Your objective: Could you please output all of the data exactly, without the images?

━━━ Material provided

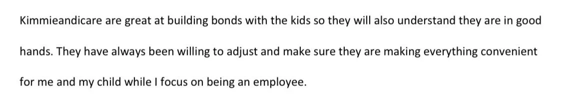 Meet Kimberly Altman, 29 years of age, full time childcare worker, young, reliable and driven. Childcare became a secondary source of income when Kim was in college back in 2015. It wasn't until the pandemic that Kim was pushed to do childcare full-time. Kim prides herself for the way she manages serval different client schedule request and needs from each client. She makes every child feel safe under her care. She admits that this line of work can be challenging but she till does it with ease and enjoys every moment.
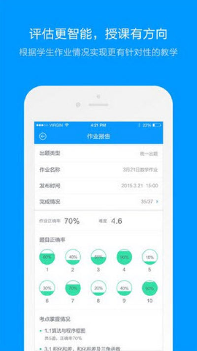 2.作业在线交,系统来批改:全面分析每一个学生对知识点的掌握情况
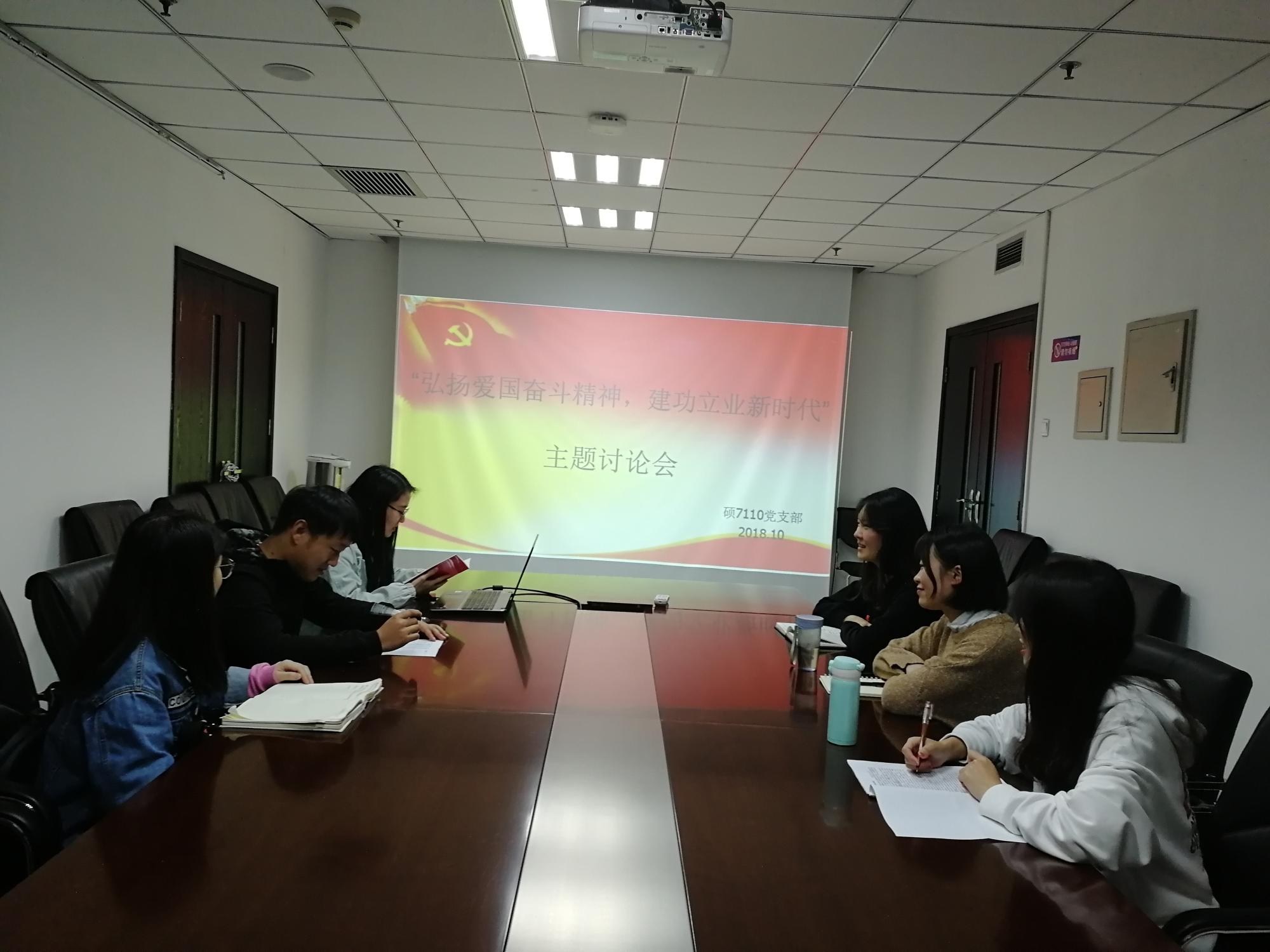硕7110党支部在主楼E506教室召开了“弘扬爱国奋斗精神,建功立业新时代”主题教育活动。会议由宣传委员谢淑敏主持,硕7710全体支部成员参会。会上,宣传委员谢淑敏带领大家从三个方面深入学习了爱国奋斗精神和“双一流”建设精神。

━━━━━━

Answer box:
 Meet Kimberly Altman, 29 years of age, full time childcare worker, young, reliable and driven. Childcare became a secondary source of income when Kim was in college back in 2015. It wasn't until the pandemic that Kim was pushed to do childcare full-time. Kim prides herself for the way she manages serval different client schedule request and needs from each client. She makes every child feel safe under her care. She admits that this line of work can be challenging but she till does it with ease and enjoys every moment.
 2.作业在线交,系统来批改:全面分析每一个学生对知识点的掌握情况
硕7110党支部在主楼E506教室召开了“弘扬爱国奋斗精神,建功立业新时代”主题教育活动。会议由宣传委员谢淑敏主持,硕7710全体支部成员参会。会上,宣传委员谢淑敏带领大家从三个方面深入学习了爱国奋斗精神和“双一流”建设精神。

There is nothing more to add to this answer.